E.         Undertaking

 

Code of Civil Procedure section 489.210 requires the plaintiff to file an undertaking before issuance of a writ of attachment.  Code of Civil Procedure section 489.220 provides, with exceptions, for an undertaking in the amount of $10,000.  The court concludes that the statutory undertaking of $10,000 is appropriate. 

 

F.         Turnover Order  

 

Plaintiff seeks a turnover order.  (See Proposed Order ¶ 3.d.)  “If a writ of attachment is issued, the court may also issue an order directing the defendant to transfer to the levying officer either or both of the following: [¶] (1) Possession of the property to be attached if the property is sought to be attached by taking it into custody. [¶] (2) Possession of documentary evidence of title to property of or a debt owed to the defendant that is sought to be attached.”  (Code Civ. Proc. § 482.080 [emphasis added].)  Plaintiff has not shown the applicability of this section to its attachment request or briefed the necessity of this additional remedy.  The request for a turnover order is denied.

 

CONCLUSION AND ORDER

 

            Based upon the foregoing, the court orders as follows:

 

            1.         The application for writ of attachment against Defendants Louis F. Mascola, DDS, Inc. and Louis F. Mascola, DDS, an individual is GRANTED in the amount request of $174,447.61.

 

            2.         The court limits the attachment against Defendant Louis.
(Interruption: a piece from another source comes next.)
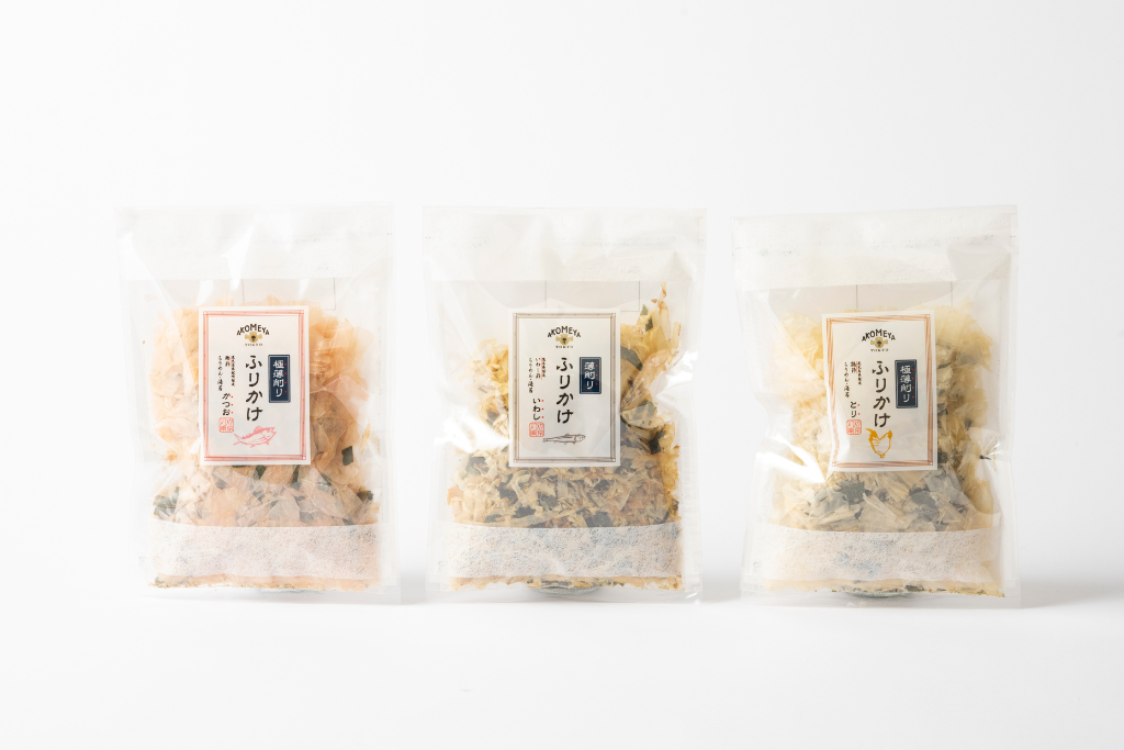 0.01mmという極薄削りの節を使用し、海苔とちりめんを加えたふわふわのふりかけです。かつお、とり、いわしの3種類で、いわしは0.03mmの薄削り。素材そのものの風味をお楽しみください。お好みに応じて醤油を垂らしても美味しくお召し上がりいただけます。
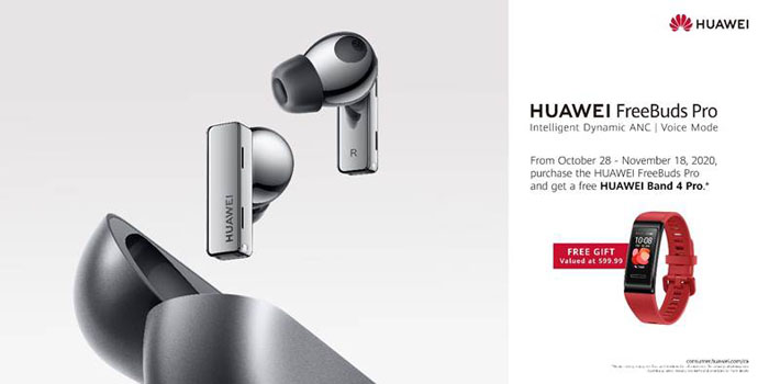 —— 购买HUAWEI FreeBuds Pro即可获得HUAWEI Band 4 Pro(红色,价值99.99加元)。

F. Mascola, DDS, an individual, to the items specifically listed in Code of Civil Procedure section 487.010(c) and (d). 

 

3.         Plaintiff’s counsel shall submit a revised, proposed writ of attachment and right to attach order in conformance with this ruling. 

 

4.         Plaintiff shall post an undertaking of $10,000 for each defendant, i.e., $20,000.

 

5.         Plaintiff’s request for a turnover order is denied.

 

6.         The court’s clerk shall serve this order upon Plaintiff’s counsel.  Further notice is not required, as Defendants are in default.